Осенний вальс с Воландом

Глава 26. Палимпсесты и парадигмы: лекция о себе

Глава 26. Палимпсесты и парадигмы: лекция о себе

Воздух в главной аудитории филфака был другим. Он не был ни пыльным саркофагом, ни шумным базаром — он был наполнен гулом тишины, той особой, насыщенной тишиной, что рождается, когда десятки умов одновременно вслушиваются в одну мысль, пропускают ее через себя, рождая в ответ десятки собственных, еще не высказанных миров. Солнечный луч, холодный и ясный, словно отполированный зимним воздухом, пробивался сквозь высокое стрельчатое окно, выхватывая из полумрака кружащиеся в нем пылинки, похожие на золотинки, и застывшие в сосредоточенности лица студентов. Аля сидела не на последнем ряду, как раньше, не в тени, где можно было раствориться, стать призраком с томиком в руках. Она выбрала место в середине — там, где было идеально видно доску и лицо лектора, и где она сама была частью общего, живого организма, а не посторонним наблюдателем, прижавшимся к стене.
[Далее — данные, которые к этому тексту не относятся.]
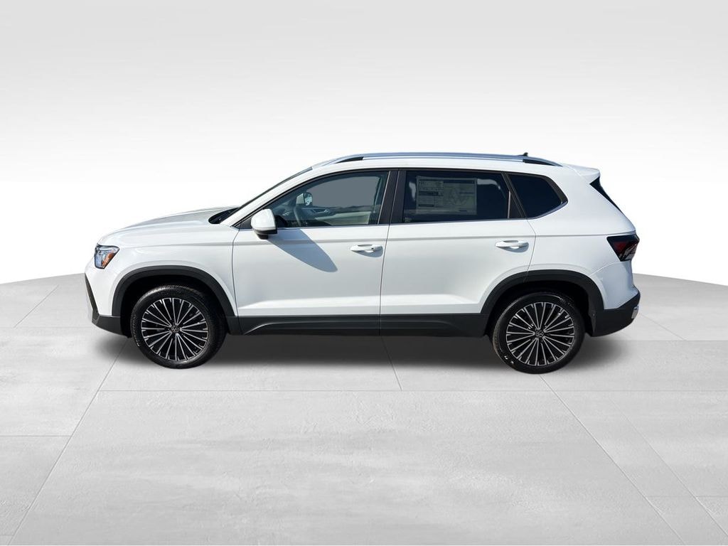 Pure White 2025 Volkswagen Taos 1.5T SE FWD 8-Speed Automatic with Tiptronic 1.5L I4 Turbocharged DOHC 16V LEV3-SULEV30 174hp Auto-Dimming Rearview Mirror w/HomeLink Connect, Panoramic Sunroof Package, Rubber Mats Kit, VW Care.

Илья стоял у кафедры, его профиль, резкий и одухотворенный, был освещен тем самым лучом. Он говорил о палимпсестах, и его голос, обычно такой ровный, почти бесстрастный в своей академической отточенности, сегодня вибрировал скрытой страстью, словно он говорил не о древних пергаментах, а о чем-то глубоко личном.
«...представьте себе, — его пальцы с мелом замерли у доски, будто рисуя невидимый знак, — манускрипт. Дорогой, уникальный. И на него, поверх молитв или античной поэмы, наносят хозяйственные записи, судебный протокол, учебник по логике. Старый текст не стирают полностью. Он проступает. Он живет под новым слоем. И мы, филологи, — детективы вечности, — мы пытаемся прочитать эту многослойную правду. Увидеть, что осталось от первоначального замысла, как он сопротивляется, как взаимодействует с новым, как рождается третий, неведомый ни одному из авторов смысл...»
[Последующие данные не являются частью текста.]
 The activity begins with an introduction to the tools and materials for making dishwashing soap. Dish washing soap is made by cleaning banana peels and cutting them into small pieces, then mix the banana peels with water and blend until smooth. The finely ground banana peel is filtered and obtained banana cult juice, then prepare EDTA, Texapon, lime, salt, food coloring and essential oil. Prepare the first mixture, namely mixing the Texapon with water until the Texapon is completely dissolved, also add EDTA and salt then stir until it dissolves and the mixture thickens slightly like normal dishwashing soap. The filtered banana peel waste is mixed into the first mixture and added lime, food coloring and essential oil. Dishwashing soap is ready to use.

Аля слушала, затаив дыхание. Ее рука сама собой тянулась делать пометки в кожаном блокноте — подарке от Алины, сменившем потрепанные общие тетради. Но сегодня это были не выписанные дословно, с благоговейным трепетом, цитаты учителя, не попытка ухватить и законсервировать каждое слово кумира. Она записывала вспыхивающие, как зарницы, мысли, возникающие ассоциации, вопросы, которые будили в ней его слова. Она смотрела на Илью и видела не объект болезненного поклонения, а блестящего лектора, чьи идеи входили в резонанс с ее собственными, долго вызревавшими в тишине размышлениями. Когда он, закончив мысль, обвел аудиторию вопрошающим взглядом, ее рука поднялась сама собой — не от порыва доказать свою исключительность, не от желания поймать его взгляд, а от искренней, неудержимой потребности поделиться рождающейся в ней параллелью.
«Можно... можно провести эту аналогию дальше? Не только с текстами, но и с личностью? — ее голос прозвучал в наступившей тишине четко и ровно, без прежней, предательской дрожи. Он был просто ее голосом. — Мы ведь все — своего рода живые палимпсесты. Наслоение детских травм и восторгов, прочитанных книг, усвоенных уроков, навязанных обществом и семьей ролей, масок, которые мы надеваем для защиты... И настоящая, осознанная жизнь — это ведь и есть попытка стать этим самым филологом-детективом для самого себя? Прочитать эти скрытые слои, отличить первоначальный, подлинный почерк души от позднейших наслоений, понять, какой текст — наш, а какой был написан другими, и как все это, сплетаясь, создает уникальный, сложный и... и прекрасный в своей сложности текст под названием «Я»».

В аудитории воцарилась тишина, еще более глубокая, чем до этого. Илья посмотрел на нее, и в его глазах, обычно таких ясных и отстраненных, вспыхнула та самая искра живого, профессионального, заинтересованного удивления, которую она тщетно пыталась вызвать в нем все два с половиной года.
«Потрясающая аналогия, Алевтина, — сказал он, и его губы тронула редкая, не сдержанная, а настоящая улыбка. — Абсолютно верно. Самопознание — это и есть высшая, самая сложная филологическая работа. Работа над главным текстом в нашей жизни.»

Она кивнула, чувствуя, как по ее телу разливается волна не пьянящего, истеричного восторга, а глубокого, теплого, почти что материнского удовлетворения. Она говорила с ним на равных. Не как робкая ученица с Мастером, а как коллега, мысль которой оказалась ценной. И это ощущение было куда ценнее, сладостнее и прочнее любого обожания.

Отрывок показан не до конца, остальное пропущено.